Extinction Review

Title: Extinction Released On: April 10, 2018 Genre: Action Adventure Reviewed On: PC Also Available On: PS4 / Xbox One

Developer: Iron Galaxy Publisher: Modus Games MSRP: £45.99 GBP / $59.99 USD / $79.99 CAD


 

Extinction was announced on June 1, 2017, very little was known about the game other than it involved fighting against massive 150-foot tall ogres as well as countless hordes of other creatures. Iron Galaxy stated that the gameplay would be fast and fluid, and require players to ‘tactically disarm and dismember enemies’ in order to weaken them before they can be killed.

Whilst the Announcement Trailer at E3 2017 did not feature any actual gameplay footage, it certainly set the tone for what to expect from their latest Action Game:

 

 

Extinction

Iron Galaxy are best known for providing technical consulting to larger developers, as well as specialising in porting games to different platforms. They are also often associated with fighting games, as they developed several seasons of Killer Instinct and were involved with Street Fighter III: Third Strike Online Edition; but they have also worked on titles such as Destiny and Batman: Arkham Origins, to name but a few. Whilst Iron Galaxy have been involved with more than 30 well-known games, the list of original titles they have developed is considerably shorter; with Extinction only being the 4th game that they have produced themselves.
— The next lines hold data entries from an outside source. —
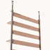 ブラックスチールとウォールナットを基調とした、 棚やフックがついている突っ張り棒式のパーテーションです。 棚に小物を飾ったり、単に部屋を区切るために使ったりできます。 フックは七個、棚は3つ付属しています。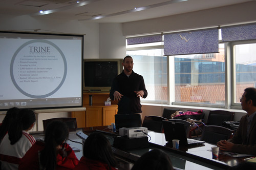 3月27日下午,美国大学国际教育联盟(USCIE)代表来我校访问。教育联盟(USCIE)包括贝尼迪克坦学院(Benedictine College),伊凡斯维尔大学(University of Evansville),密苏里大学-圣路易斯(University of Missouri-St. Louis),圣路易斯大学(Saint Louis University- Main Campus),怀恩大学(Trine University)和美国威斯敏斯特学院(Westminster College)。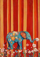 Fröhlicher Elefant mit Blumen – Auf diesem Tiergemälde sehen Sie einen fröhlichen Elefanten in lebhaften Farben, umgeben von Blumen und starken vertikalen Streifen im Hintergrund, was eine verspielte und entspannte Atmosphäre schafft.
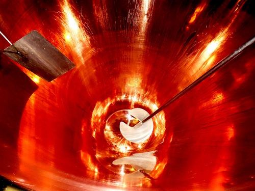 interno di una caldaia per la produzione di Parmigiano Reggiano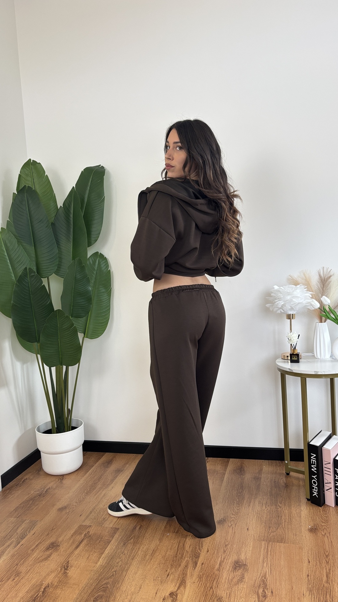 – pantalone a palazzo con elastico in vita.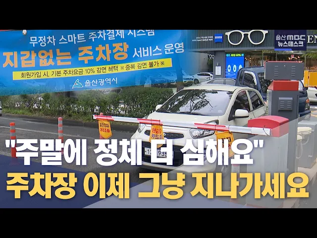 [앵커] 오늘(6/26)부터 울산지역 일부 공영주차장에서 자동 결제가 가능한 지갑없는 주차장 서비스가 시행됐습니다. 앞으로는 울산의 모든 공영주차장에서 출차시 차를 세우고 결제하는 불편함이 사라질 전망입니다. 정인곤 기자입니다. [리포트] 평일에도 빈자리는 찾아보기 힘든 울산 남구의 한 공영주차장. 주차장을 빠...

The plot unfolds through the use of several story-telling mechanisms, the majority of which occur during the campaign missions themselves. The protagonist-Avil-converses with other key characters at the beginning of each campaign mission, as well as throughout and occasionally at the end. These plot developments are fully voiced, and involve static graphical images of the characters involved in the conversation. Between each chapter of the campaign however, you are treated to superbly animated cut-scenes which provides the origin story of Avil and his childhood friend Xandra. These cut-scenes were fantastic to watch, and deliver some shocking plot twists further on in the campaign.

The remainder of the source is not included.